» Exercise objective:
All that is wanted is the exact text of the lines below from the one with "Crafted of high-fired" through the one with "1. Install the", inclusive, minus any pictures.

[Items listed in a dataset]
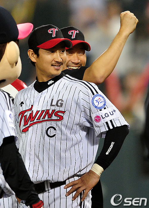 경기 종료 후 LG 박용택과 봉중근이 환하게 웃고 있다. /sunday@osen.co.kr
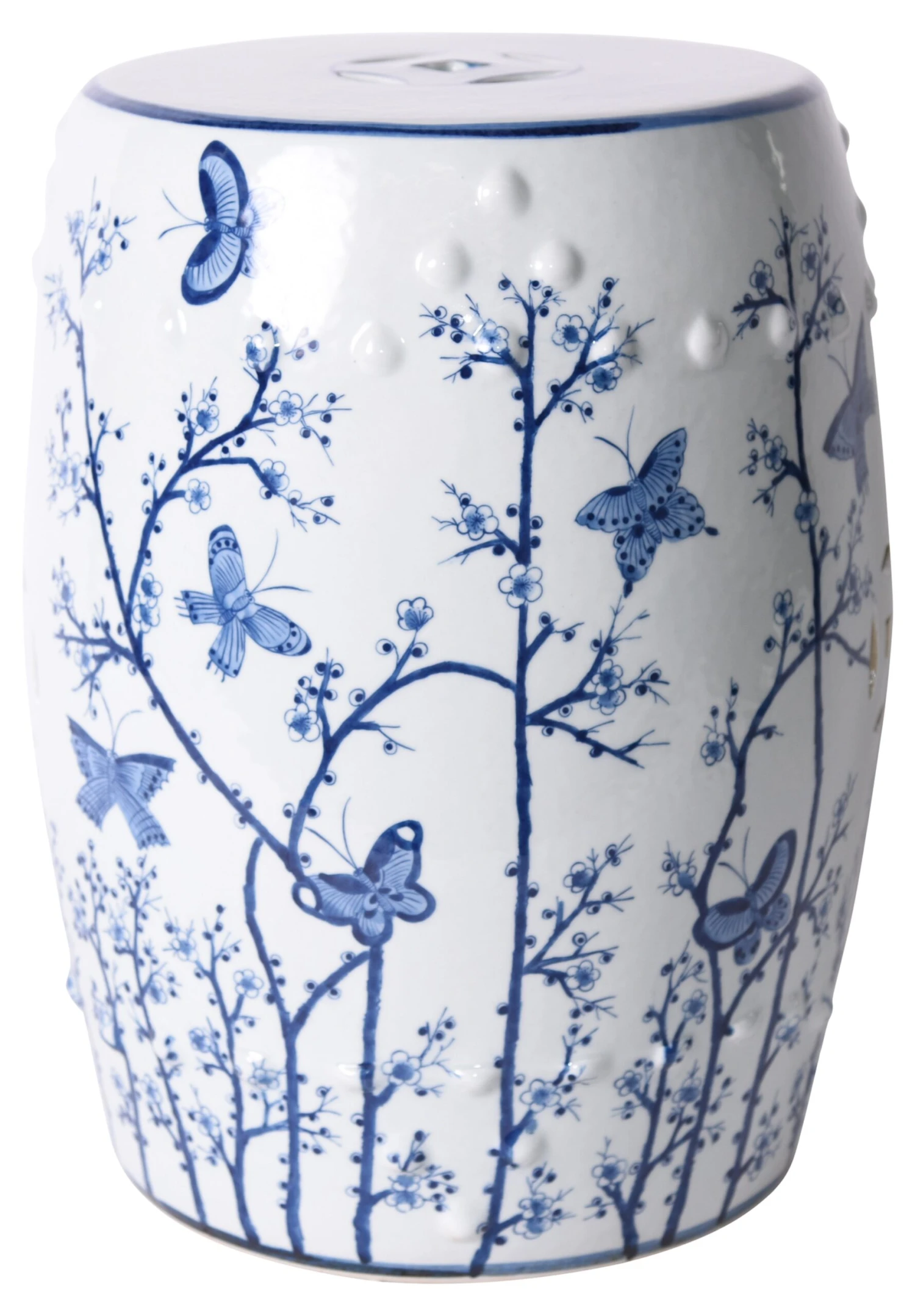 Crafted of high-fired porcelain for exceptional durability, this versatile garden stool is glazed in white and decorated with blue butterfly designs. Suitable for indoor and outdoor use.
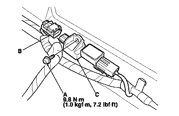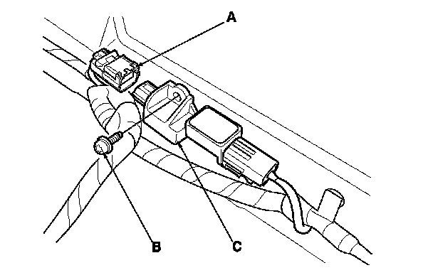 1. Install the new roll rate sensor with the TORX bolts (A) then connect the floor wire harness 2P connector (B) to the roll rate sensor (C).
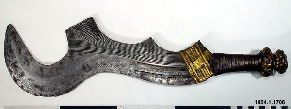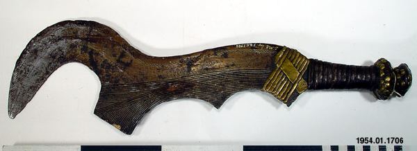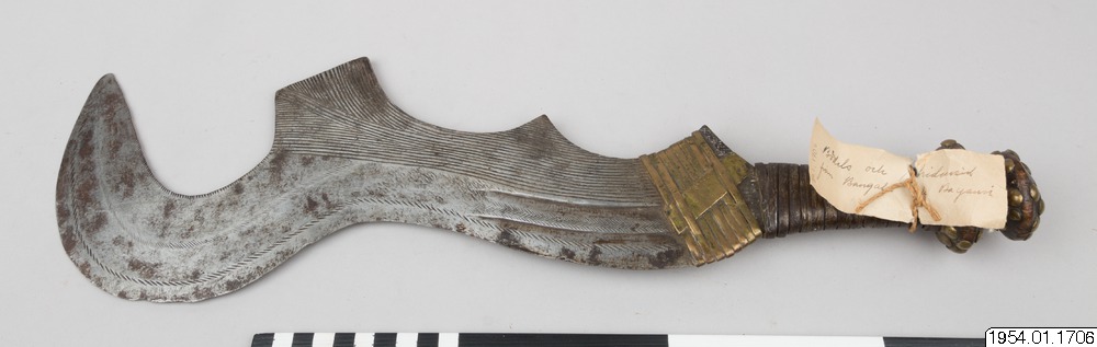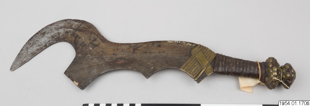 Svärd med streckornamenterad järnklinga där den övre delen är formad som en skära. Skaftet är av trä förstärkt med järn- och mässingsband. Typen av svärd har använts för avrättning av slavar och krigsfångar under förkolonial tid, senare användes de för slakt av djuroffer./HTB Texten i generalkatalogen - "Bödels- och stridssvärd från Bangala och Bayansi", stämmer inte med den information som ges om samma typ av svärd i "African Metal Implements..." s. 29 - "Often falsely labeled as Bangala knives, these types of execution sword have actually been made by the Ngombe... These swords were not used to execute a sentence of capital punishment by decapitation, as has sometimes been suggested".
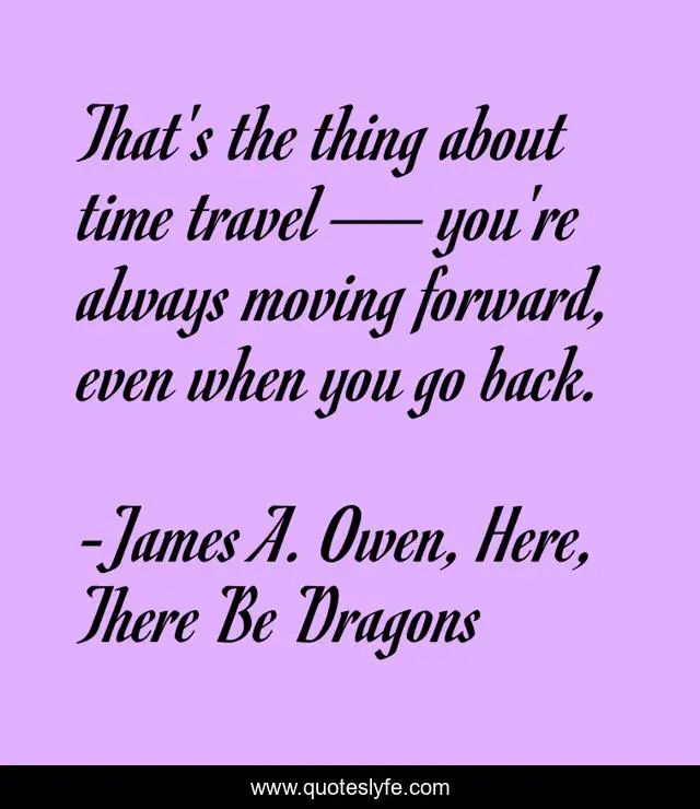 This page presents the quote "That's the thing about time travel — you're always moving forward, even when you go back.". Author of this quote is James A. Owen, Here, There Be Dragons. .

» Worked solution:
 Crafted of high-fired porcelain for exceptional durability, this versatile garden stool is glazed in white and decorated with blue butterfly designs. Suitable for indoor and outdoor use.
 1. Install the new roll rate sensor with the TORX bolts (A) then connect the floor wire harness 2P connector (B) to the roll rate sensor (C).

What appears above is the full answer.